Sure, you're out for immortality, but why not carve your initials in a tree, like grandpa did? Perhaps you're also suffering from an infrastructure fetish. Why else would leaving your John Hancock amongst the utility covers, sidewalk stamps and sewer grates be so appealing?
Take comfort — you are not alone.
Many others of your kind, plus fossilized footprints — from man, woman and beast — blackened chewing gum bombs and metal covers of all shapes and sizes with cryptic acronyms (THES, WTW) or scary words like "Gas Drip" or "Danger," were just some of the things Spacing magazine co-founder Matthew Blackett and I catalogued during a recent stroll through his Parkdale neighbourhood.
We began, our heads hung low but our spirits high, hoping to accurately date the neighbourhood using urban infrastructure, since it's possible in my 1959 neighbourhood at Midland Avenue and Ellesmere Road, where many of the sidewalk contractor stamps and utility covers (before politically correct times we called these manhole covers) are stamped with that year. In Parkdale, however, it's well nigh impossible, since there are so many assorted vintages of infrastructure, so we talked instead about our mutual love for these inconspicuous city bits, which Spacing magazine has featured in the past.
"I like the idea of an object being in one place for so long," begins Mr. Blackett, 33. "To think of my grandfather, who grew in Humberside — and I know the house he grew up in on Keele Street — and to see sidewalk stamps from the 1930s around there means that he was walking on the same spot that I was when he was the same age as me."
It's a game anyone can play. There are 7,100 kilometres of sidewalk in Toronto. For fun, I once walked exactly one kilometre along both sides of Heath Street, from Yonge west to Tweedsmuir Avenue and counted the stamps: 331. You do the math. One day, maybe I'll count the Bell telephone covers with the interlocking gear and bolt motif, since I've always admired their art deco design.
San Francisco-based artist Daisy Eneix exhibits "sidewalk rubbings" of utility covers, asphalt cracks and other assorted trampled-upon things, describing her work as a "fingerprint of a specific location." Toronto's Claire Cameron, author of The Line Painter, blogged about her fascination with sidewalk stamps last month, as did Gary Campbell on Torontoist.com in August, 2006.
Yes, it's a cheap hobby, but I think the real fascination lies in the fact that, despite all the rebuilding we do in this city, it reminds us of our collective past. "I was obsessed with sidewalk stamps for a while," admitted Mr. Blackett as we stopped to admire a plugged-up sewer grate that has "1889" embossed on it. "It was on my mind when I was walking with people — I'd be having a conversation but I'd be looking at the sidewalk stamps while we were going along.
"There's a driveway on Palmerston Avenue that has a 1918 stamp on it," he said eagerly, which caused my heart to skip a beat.
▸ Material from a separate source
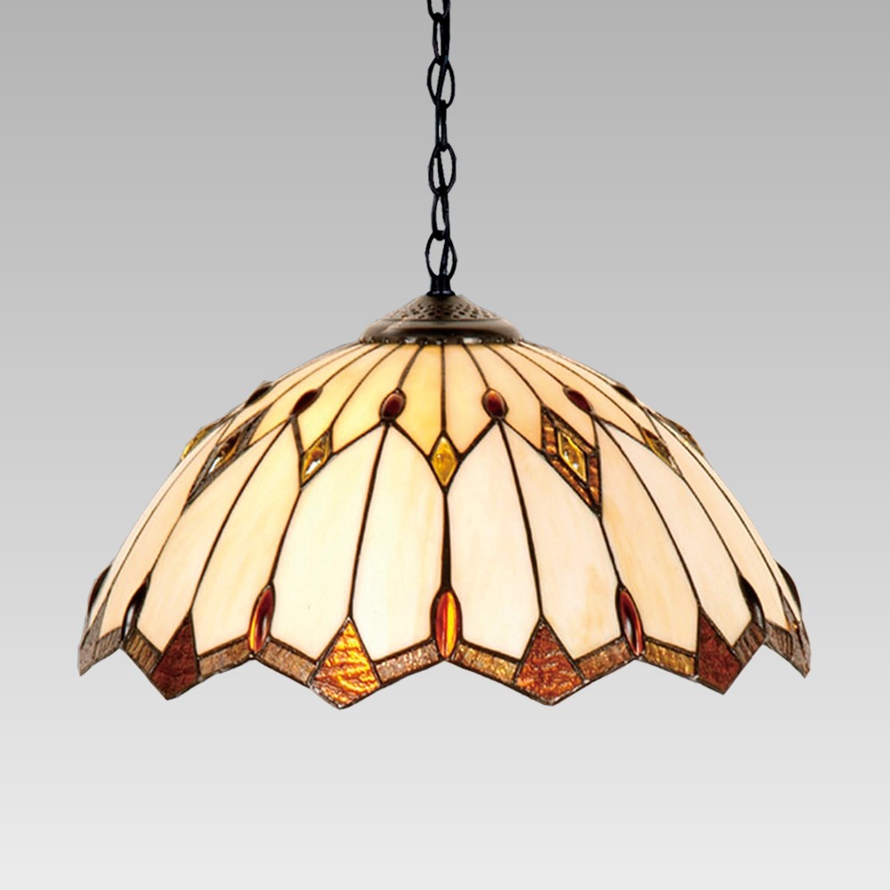 Krásný vitrážový lustr Tiffany zajímavě oživí interiér. Průměr je 400 mm. Do lustru se dává žárovka s paticí E27.

Begrudgingly, I told him that oldest stamp I'd ever found was from 1930 in The Kingsway.
Rob Burlie, city of Toronto manager of road operations, admits he doesn't know where the oldest piece of sidewalk might be, but explains that stamping is done for two reasons. First, since there might be multiple contractors working in the same area, it identifies the work for guaranteed maintenance, which is usually two years. Second, it provides a quick and easy "historical record." Some of the oldest sidewalks, he adds, are still "very sound" because "traprock" was used.
"It's a very hard and durable aggregate," he explains, adding that it's easy to spot because of the greenish-blue colour of the pebbles. Unfortunately, it's too expensive to use today.
While his department doesn't approve stamp designs any longer, the 22-year city veteran thinks there may have been standards at one time, which might explain why the familiar "football shape" is a common motif. According to an article by Lincoln Cushing on www.docspopuli.org, that shape may derive from union printing "bugs" of the early 20th century.
Besides the many frozen autographs, Mr. Blackett and I found a few subversive drawings and literally dozens of the neon spray-bomb way-finding scrawls left behind by gas and water workers.
A public space advocate since even before the magazine's debut in 2003, Mr. Blackett once asked city hall if they might give stencils to these crews for a neater look: "The city, on one hand, says, 'Oh, we hate graffiti tags, it looks messy,' and you look at those things and they could stay like that for months and months." It's a fine idea, especially considering the dizzying mix of uses already going on at our feet.
As for the desire for personal immortality on our public walkways, all that's required is a twig … and a good escape route if that contractor truck decides to make a U-turn.